Even if waiting is still the main element of Pocket Camp – waiting for new quests, for your furniture to finish, or for buildings to be constructed – it’s no longer required. You won’t have to reach a moment when you realise you can just close the game and walk away. If you’re out of quests you can use a Request Card. If the villager you want isn’t around, you can use a Calling Card rather than wait three hours. If you don’t want to wait for the fruit to regrow, you can use fertiliser. Most these items can be earned by completing villager requests, or finishing some daily quests. They can also be bought using Leaf Tickets, which you can buy with real money.

The money stuff makes an impact. I haven’t bought any Leaf Tickets, but the pressure to use them is always there. The game would just go by faster if I threw some money at it, and it’s impossible not to have this pop in your mind constantly while you’re playing.

Sure, in past Animal Crossing games you might always be thinking about how you just needed a few more Bells, but to be stressing about real US dollars while playing an Animal Crossing? It makes me a little sad.

I get my Leaf Tickets for free by leveling up, which will get you ten tickets, and through completing goals. I’ve managed to save up quite a few just by trying not to spend any, ever. I have my moments of weakness though. Sometimes I’ll log into the game, see that I still have another hour or two on the piece of furniture I want, and pay the Leaf Tickets instead of waiting. The more I spend time with it, these timers gnaw at my patience. Rather than being a respite from modern life, hidden away in the country, Pocket Camp feels like it’s also making demands of you. Do you want the cute bunny you just met to visit your camp? It’s too bad that one piece of furniture she wants takes eight hours to complete, huh? You know, if you used some Leaf Tickets, it wouldn’t have to.

I do keep logging into Pocket Camp. Even if there’s so much that I find stressful about the game, it’s still Animal Crossing. There are still quirky animals that I want to make happy, there’s still a place to decorate and make my own, and there’s still clothing to collect and turn into outfits.

I can’t make myself ignore all the notification, timers and ads for Leaf Tickets all the time. There are moments when I do forget about them, and those moments make me love the game. Sometimes when you finish a quest, Pocket Camp will show you a quick animation of you and that villager doing something with the item you gave them. You could be making a seashell necklace with Apollo, a grouchy eagle. Or you could be having a fish fry with Rosie, a cute cat.
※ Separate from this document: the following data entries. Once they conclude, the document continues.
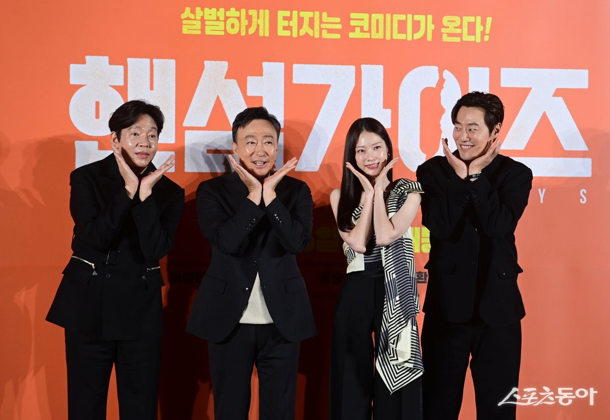 배우 박지환, 이성민, 공승연, 이희준이 27일 서울 광진구 자양동 롯데시네마 건대입구점에서 열린 영화 ‘핸섬가이즈’ 제작보고회에서 포즈를 취하고 있다.
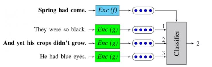 Quick-thoughts分类任务, 分类器必须从一组句子嵌入中选择以下句子
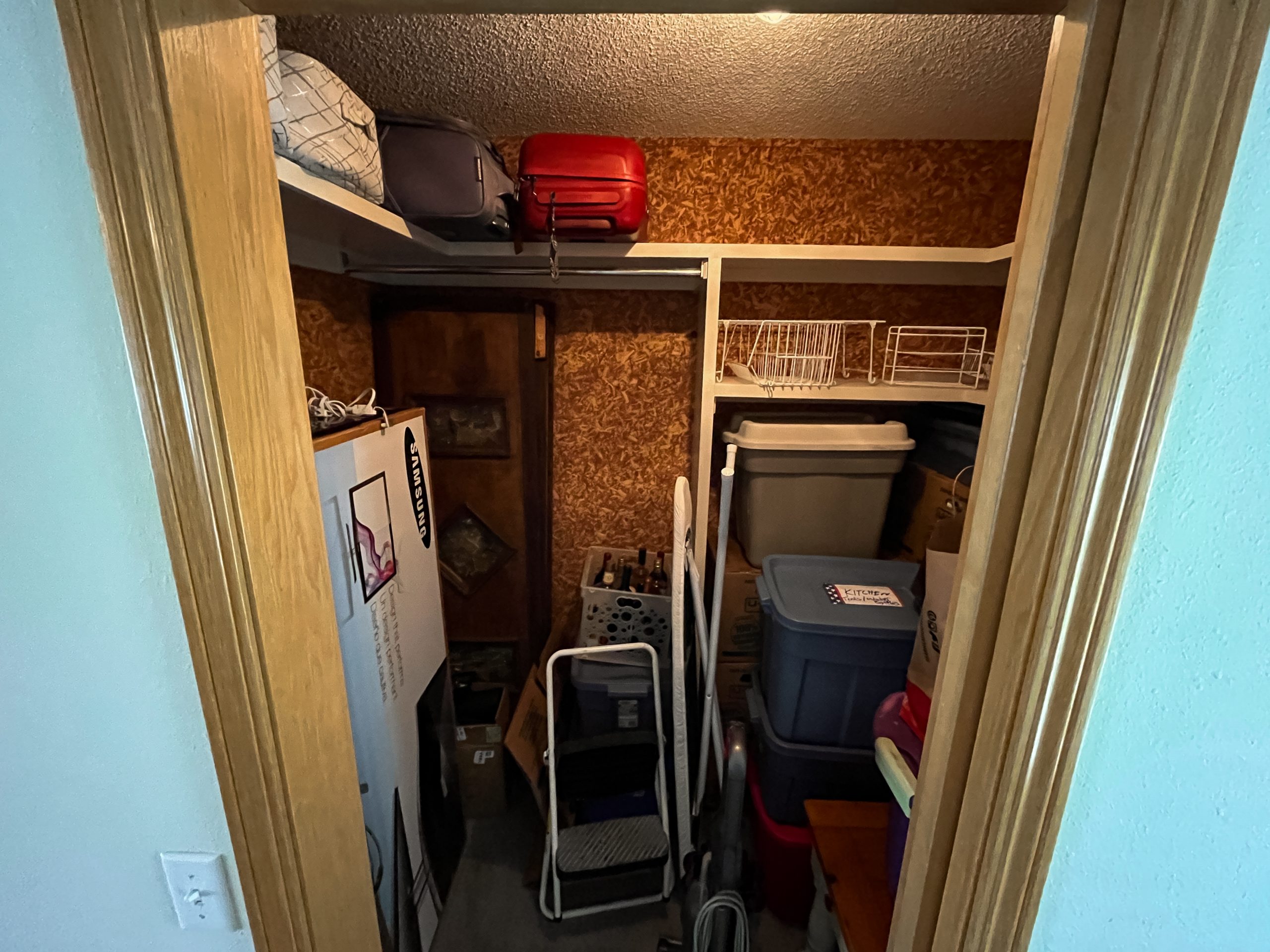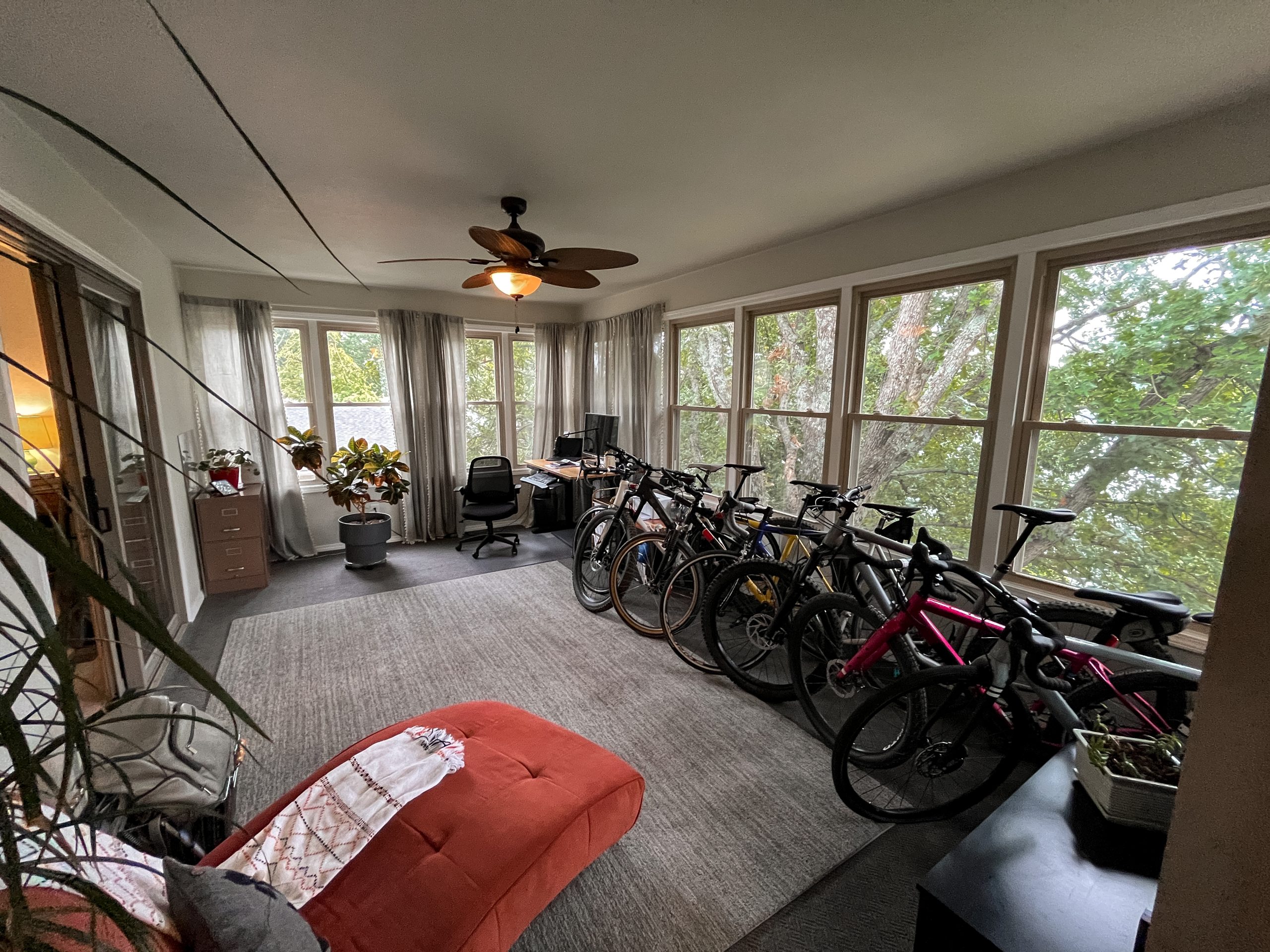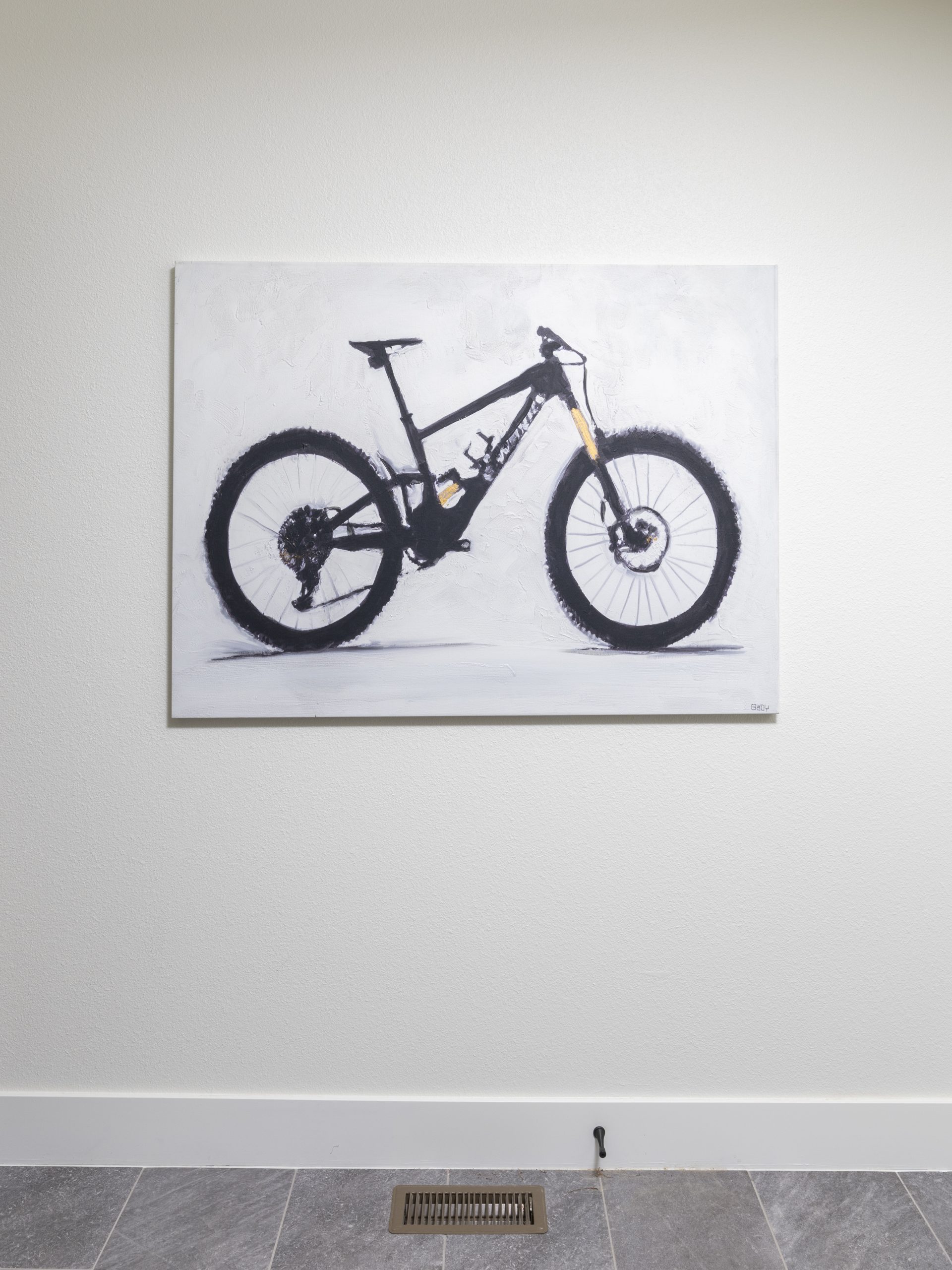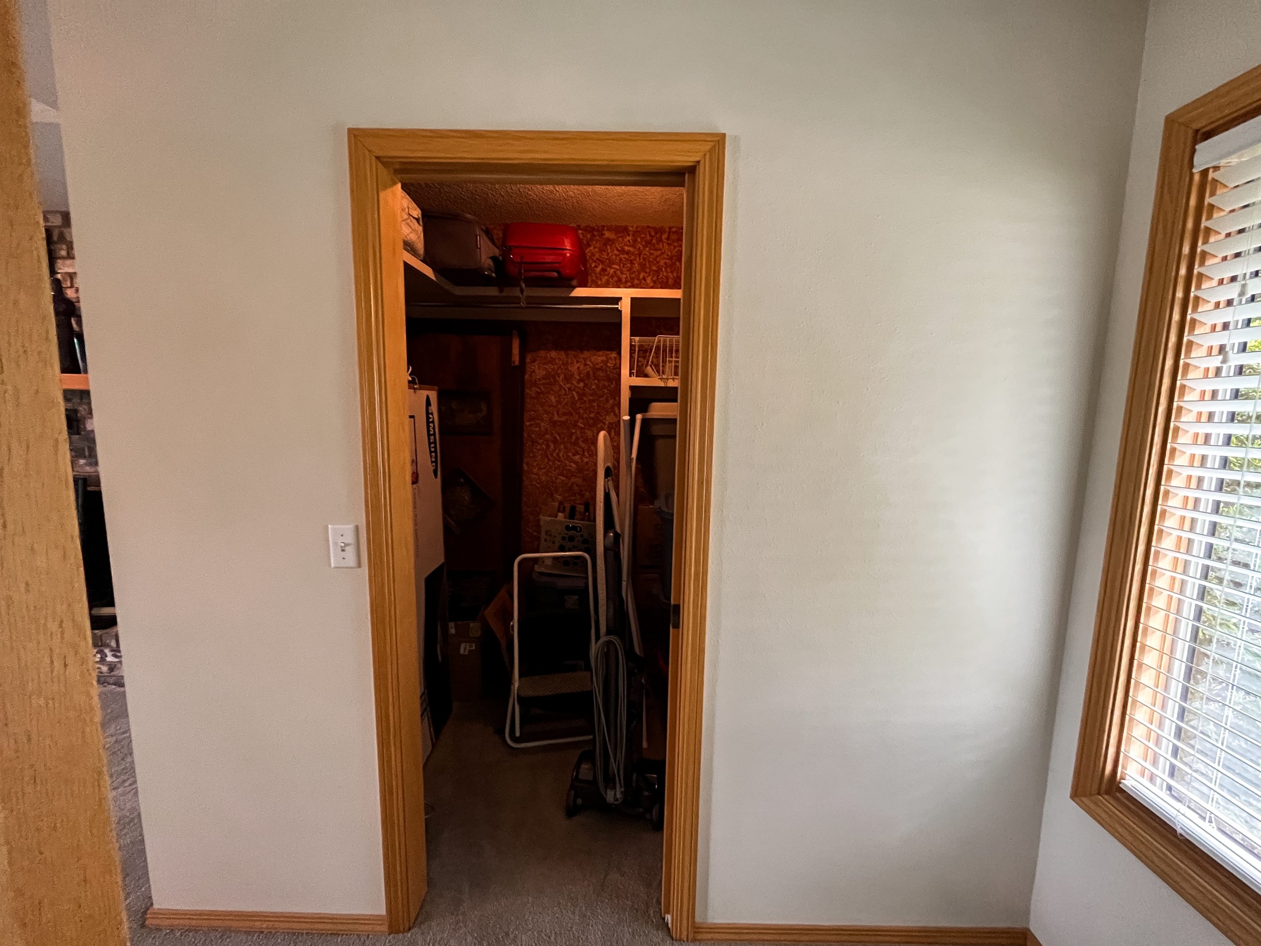 This was a small laundry room which we made larger by absorbing some of the space from the main bedroom closet on the other side of the wall. With the larger size, we were able to turn it into a laundry room and bike room. This was much more convenient for Rick who was walking his bikes through the house to store them in the sunroom. Dave installed a bike station and kit on the wall that moves around and adjusts for storing tools. Now Rick has easier access to take his bike straight out through the garage.
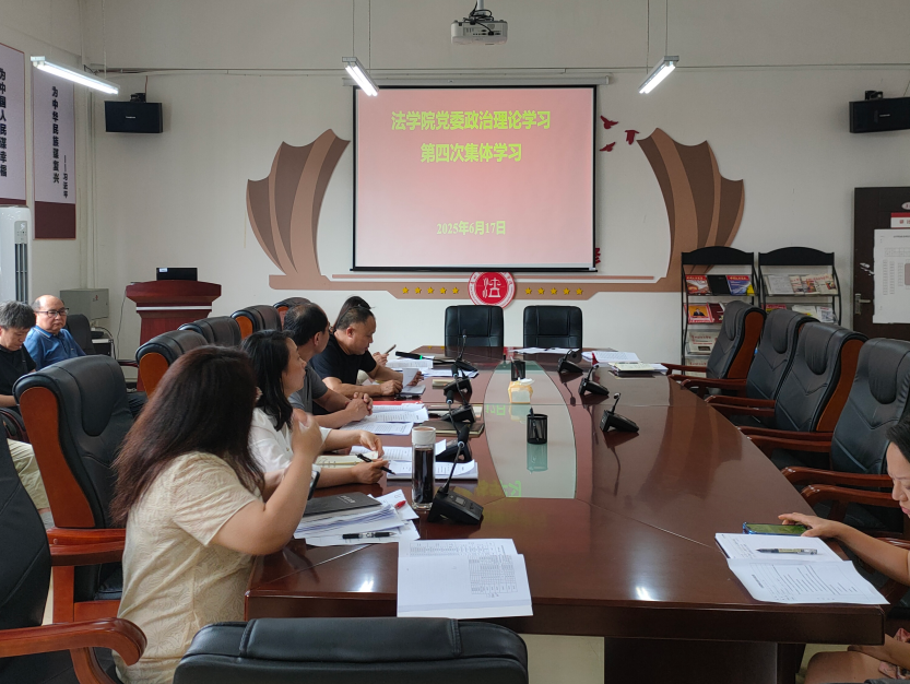 (法学院 潘吉脉 报道摄影 )6月17日下午,法学院党委组织召开2025年度第四次教职工政治理论集体学习会,院领导班子及全院教职工出席会议。党委书记邵新顺主持会议。
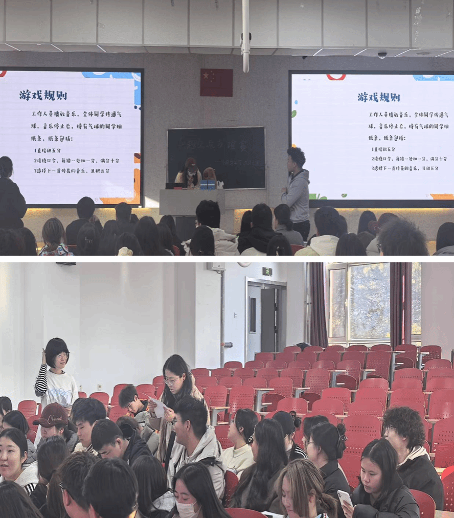 在击鼓传花中,同学们传递的不仅是手中的棒槌,更是心中溢于言表的喜悦之情。在有奖有罚的活动规则中,无疑是整体性面临的挑战,同学们不仅体会到了情绪的多样性,更将小我融于整体,体会整体的意义。
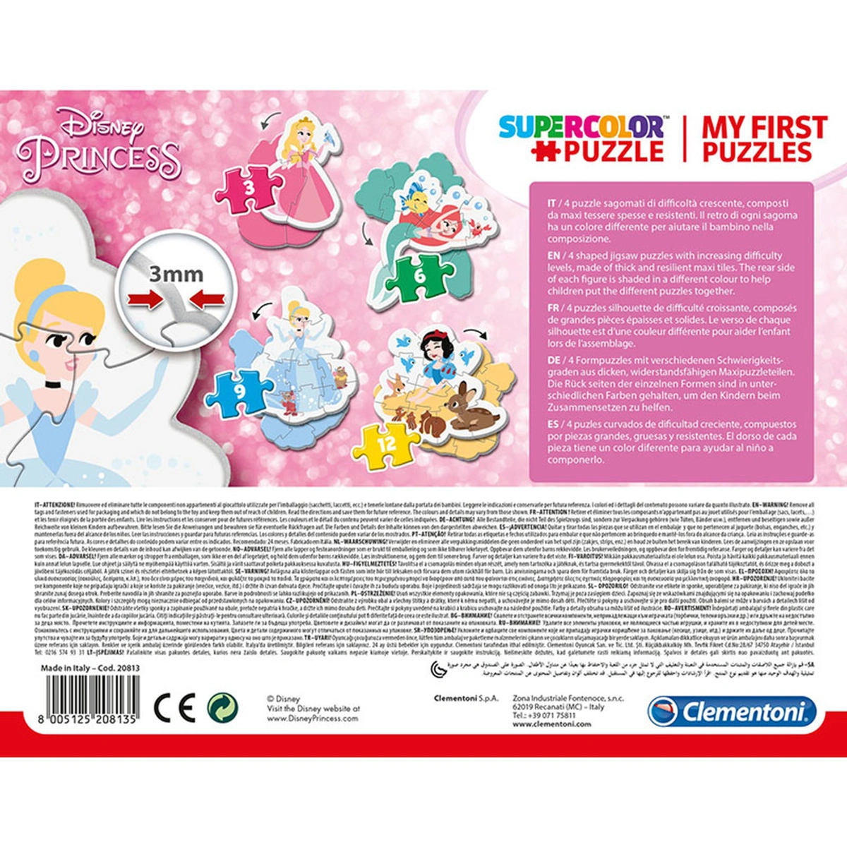 تقدم لك ماركة كليمنتوني بازل ديزني الأميرة، المثالي للأطفال من عمر سنتين إلى ثلاث سنوات، حيث يتكون من قطع ملونة تبلغ (3+6+9+12) قطعة، مما يجعله خيارًا ممتازًا لتطوير التركيز والمهارات اليدوية لدى الصغار. يتميز هذا البازل بصورة رائعة مستوحاة من عالم الأميرات، مما يجعل تجربة التركيب ممتعة وتعليمية في نفس الوقت. يساهم في تعزيز الإبداع والخيال لدى الأطفال، ويتيح لهم الاستمتاع بإنشاء الصورة النهائية بكل سهولة ويسر.
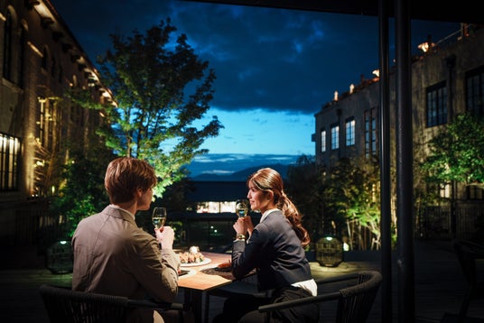 エレガントな雰囲気をもち、高さ4メートルを超える天井高で開放感あふれるレストラン・ライブラリーは、18時のSUSHI-BAR営業時間を迎えると、トーンダウンした照明にアップテンポなBGMと、モダンで上質なバーの装いに変わります。レストラン・ライブラリーに併設されたオープンテラスでも、ライトアップされたホテルの煌めくコートヤードを見ながら食事をお楽しみいただけます。
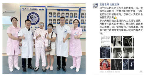 邓幼文指出:“一例又一例高难度颅椎手术的成功开展,标志着科室颅椎组手术技术日臻成熟,随着王超教授发明的钉板系统正式引进入院,将来一定可以给更多的上颈椎患者带来福音。”著名上颈椎专家北医三院王超教授评价此病例写道:“李劲松大夫将此例手术做得近乎完美,在邓幼文主任对颅椎外科的重视与大力支持下,湘雅三医院已成为湖南寰枢椎病人就诊的首选之地。”
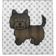Destei's original cartoon illustration of a cute dark brindle coat colour Cairn Terrier breed dog. The background has a pattern of grey dog paw prints.
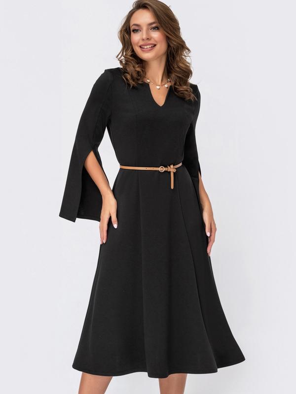 Элегантное платье с разрезами на рукавах миди ниже колен в деловом стиле для офиса нарядно...
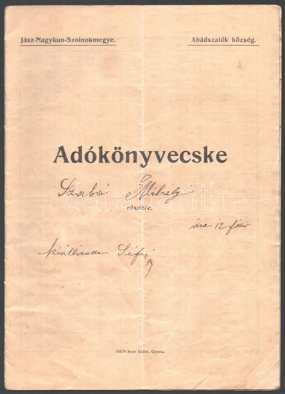 cca 1920 Abádszalók, községi mezőőr adókönyvecskéje
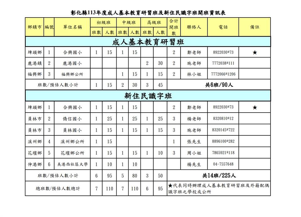 彰化縣政府為培養失學國民及新住民聽、說、讀、寫能力以充實基本生活知能,辦理「113年度成人基本教育研習班及新住民識字班」,共開辦20班(含成人教育研習班6班及新住民識字班14班),每班上課時數72小時,即日起可直接向開班單位報名參與,額滿為止,歡迎有意願的國民及新住民朋友踴躍報名,詳情請參閱開班資訊表。 教育處表示,本次開班單位包含福興、溪州與花壇3個鄉(鎮)公所,鹿港國小、僑信國小、員林國小及合興國小等4所國小,還有美港西社區大學(伸港國中)等,依學習程度分成初級、中級與高級班,參與學習並取得成人基本教育研習高級班結業證書者,即具有國民小學附設補習學校初級部結業程度,得銜接就讀國民小學附設補習學校高級部,使民眾融入現代社會環境並充實自我知能,以提升生活品質。 各開班單位相關資訊,請至彰化縣政府「教育處新雲端」網站首頁,選擇業務專區/檔案下載/社教科/成人教育資訊項下「113年成教班及新住民識字班相關資訊」查詢,(網址為https://www.newboe.chc.edu.tw/open_file/&4&317)/,有意報名的民眾可選擇居住地點鄰近鄉鎮巿開班單位,就近學習。
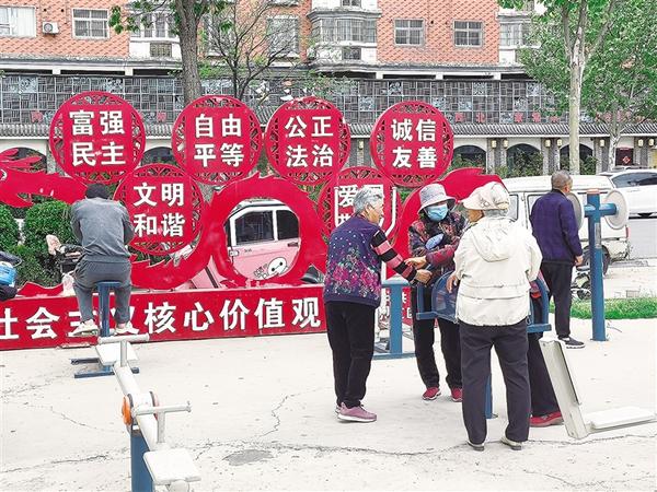 • 4月16日,幾名老年人在中心城區(qū)七一路東段康灣社區(qū)街頭游園內(nèi)鍛煉身體。他們?nèi)宄扇?,其樂融融?/span>

Beau, a fashionable deer, could set up some easels for the two of you to do still lifes. I feel a real affection for these animals. Every time I get one of these animations, I take a screenshot.

Pocket Camp doesn’t feel like it’s about those quiet, simple moments. It’s about my time and my money, and the way the game keeps asking me to spend more of each. It’s manipulation and materialism. I’m being drawn into this just to accumulate stuff, and to optimise the ways I can earn in-game money to pay for more stuff.

Maybe at it’s heart, Animal Crossing was always about that, and in this stripped down state I’m seeing it clearly for the first time. I liked pretending that it wasn’t.